Acababa de volver Javier Egea, en seguida Quisquete para mí, de la Isleta del Moro, donde había terminado Troppo Mare, una meditación en verso sobre la piel del mar y de la historia, llena de intimidad herida, en la que se sucedían imágenes sobre el amanecer y la oscuridad, sobre el futuro, la resistencia y la explotación. Eran asuntos propios, y desde entonces nos pedimos turno de noche por asuntos propios para debatir junto a Álvaro Salvador, Juan Carlos Rodríguez, Ángeles Mora, Antonio Jiménez Millán, Juan Vida y Mariano Maresca sobre la necesidad de una práctica artística que apostase por la transformación de los sentimientos. La intimidad forma parte de la historia, igual que las batallas y las constituciones. Antonio Machado había escrito, contra las innovaciones formales de la vanguardia, que no puede haber un verdadero cambio poético hasta que no se produzca un cambio en la sentimentalidad humana. Ocurre lo mismo con las transformaciones sociales, nosotros lo sabíamos, y por eso publicamos un manifiesto en busca de otra sentimentalidad.

Aprendí mucho sobre poesía con Javier Egea. No había estudiado en la Universidad, porque desde muy joven empezó a tener problemas con el alcohol. Pero se sabía de memoria lo mejor de la poesía clásica española, llevaba la capacidad metafórica y la música de las palabras dentro de la cabeza y era capaz de reconocer las posibilidades de un buen verso mucho antes que los doctores de la iglesia, la academia y el partido. A la hora de discutir de política o de teoría literaria, necesitaba encerrarse en una fragilísima y tajante seguridad en blanco y negro. Pero a la hora de escribir poesía estallaba en matices, en inteligencia, en sabiduría.
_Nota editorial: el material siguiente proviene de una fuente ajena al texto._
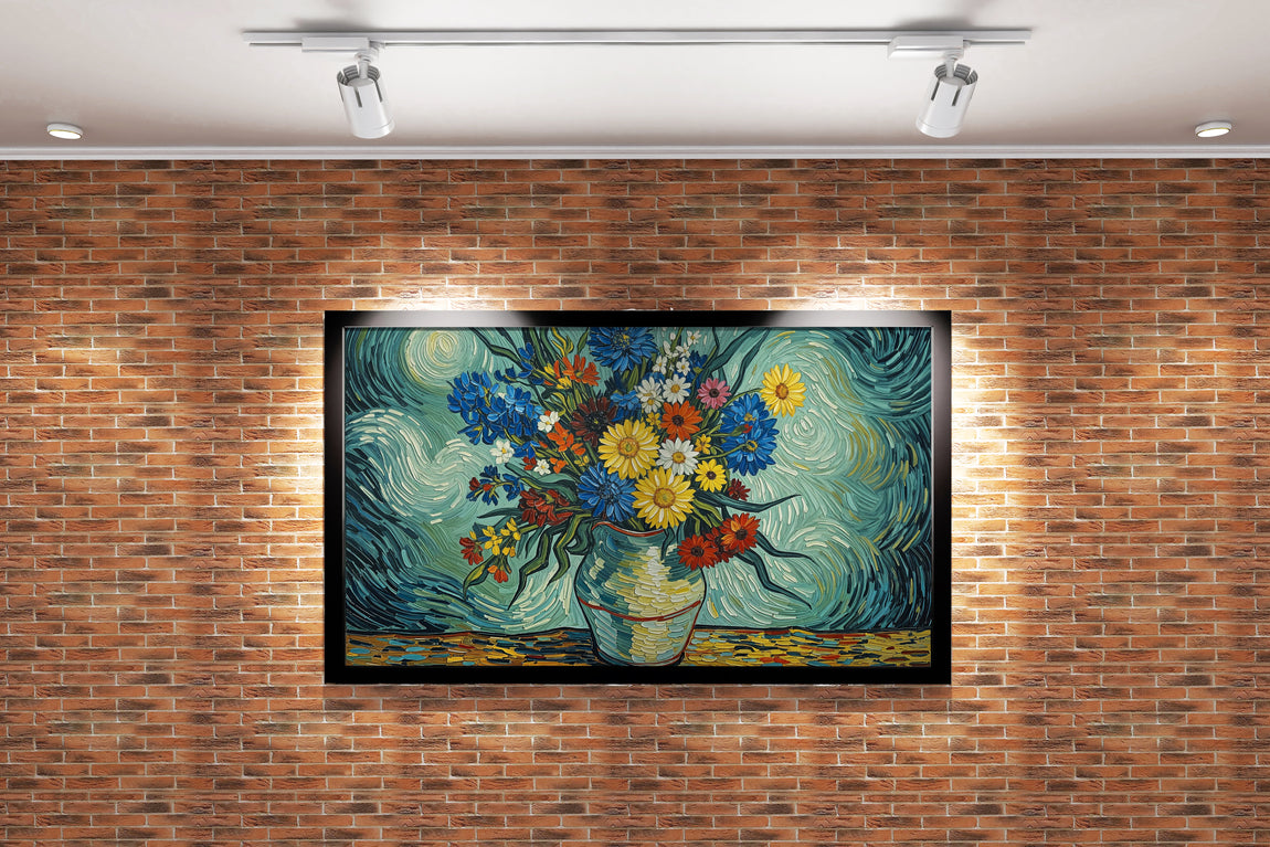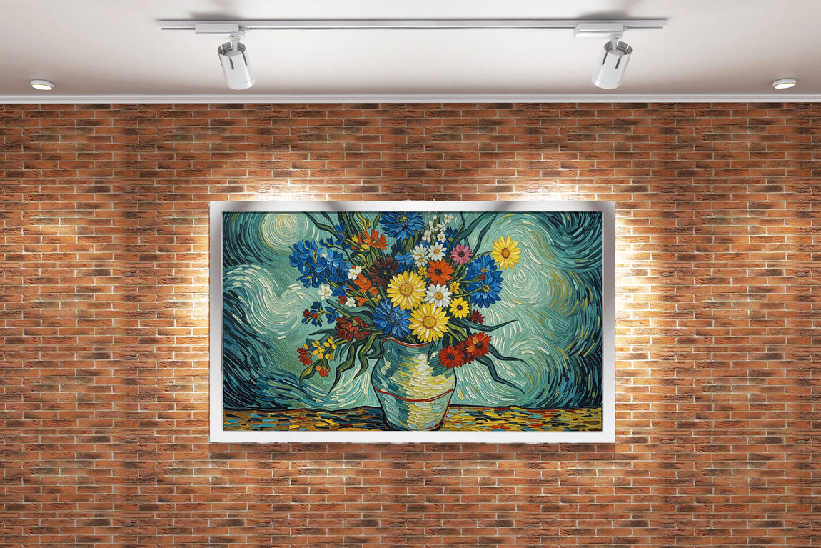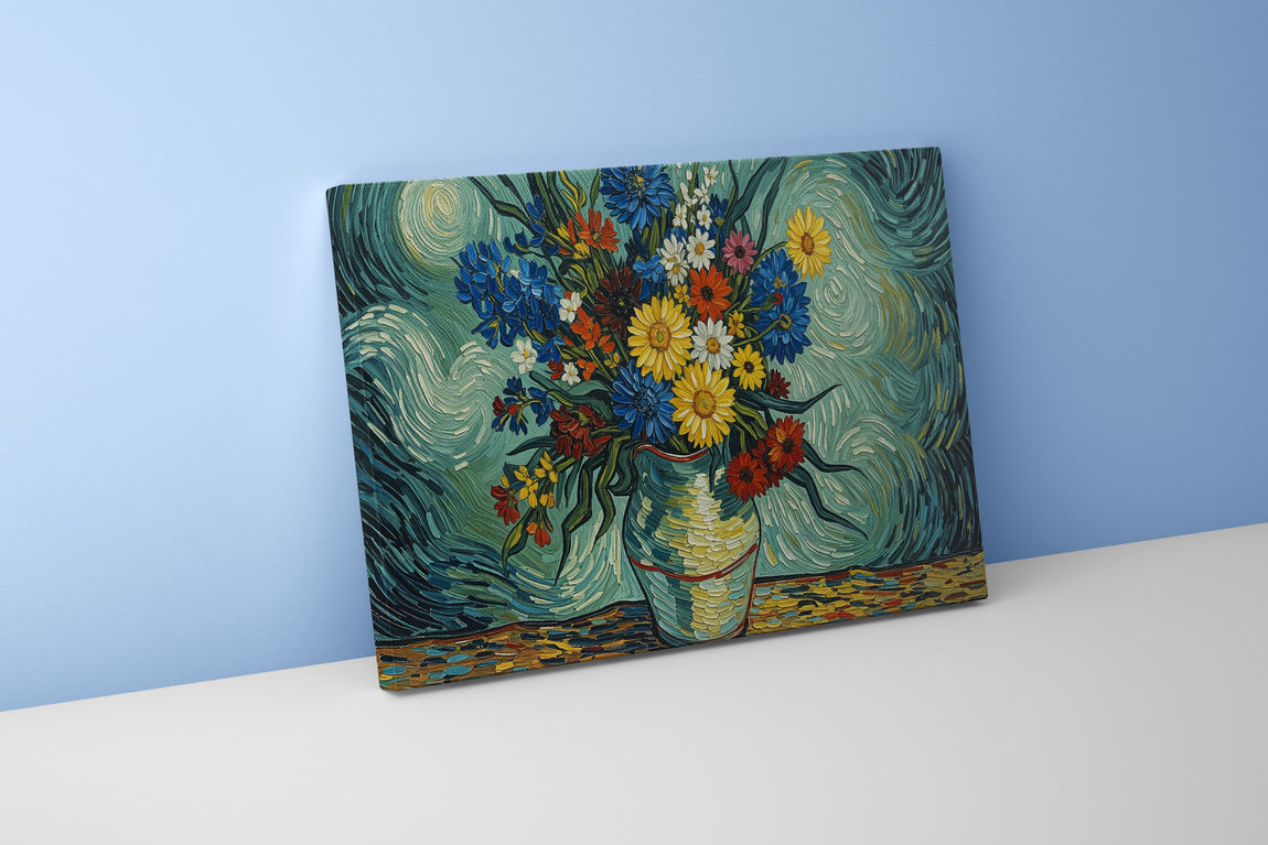 flower motif, flowers in a vase van gogh rhone themed, art, kanvas tablo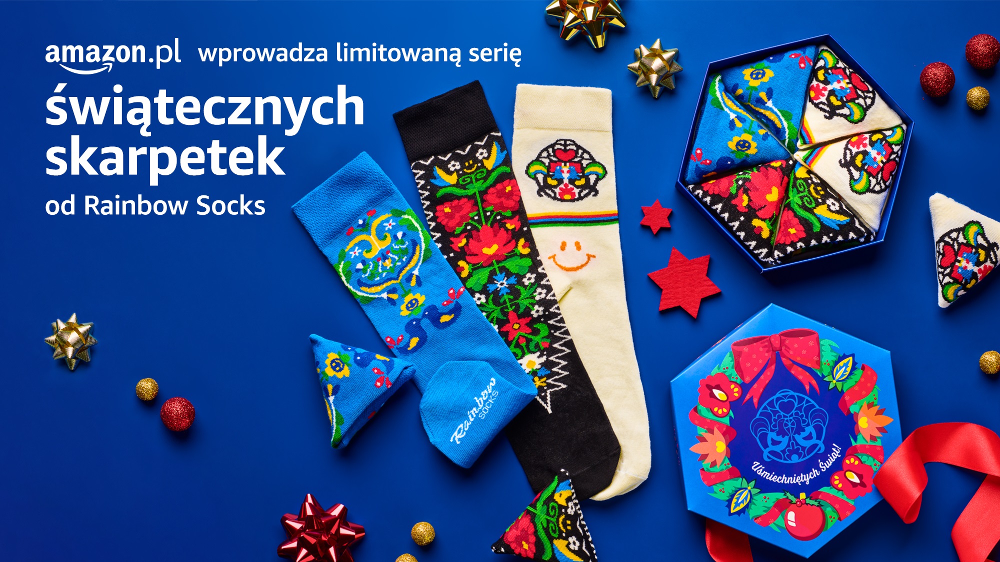 Amazon.pl wprowadza dziś do sprzedaży limitowaną serię produktów od polskiego producenta – zestaw skarpetek, stworzonych wspólnie z firmą Rainbow Socks. Limitowana seria produktów powstała specjalnie dla Amazon.pl i nawiązuje do tradycji z różnych regionów Polski, jest bowiem inspirowana lokalnymi wzorami – łowickim, góralskim i kaszubskim. Zestawy skarpetek dostępne są na Amazon.pl z szybką i darmową dostawą dzięki Amazon Prime, a cały dochód z ich sprzedaży zostanie przeznaczony na cele charytatywne.

El llamaba épocas en el dique seco a sus curas de abstinencia y sobriedad. En una de esas épocas, debida al cuidado leal y paciente de sus hermanos, Javier escribió uno de los mejores libros de la poesía española contemporánea, Paseo de los tristes (1982). No le hacen mucho favor a Javier algunas de las interpretaciones ridículas que se han formulado sobre su escritura comunista y su pureza doctrinaria. Javier estaba lleno de las contradicciones íntimas de la gran poesía, como lo demostró de nuevo al escribir Raro de luna (1990), un libro de tonos surrealistas, alejado de la estética machadiana por la que habíamos apostado en la otra sentimentalidad.

Ahora que hace 10 años de su muerte, me gusta recordarlo así, con orgullo, como un amigo íntimo y bueno, como un grandísimo poeta.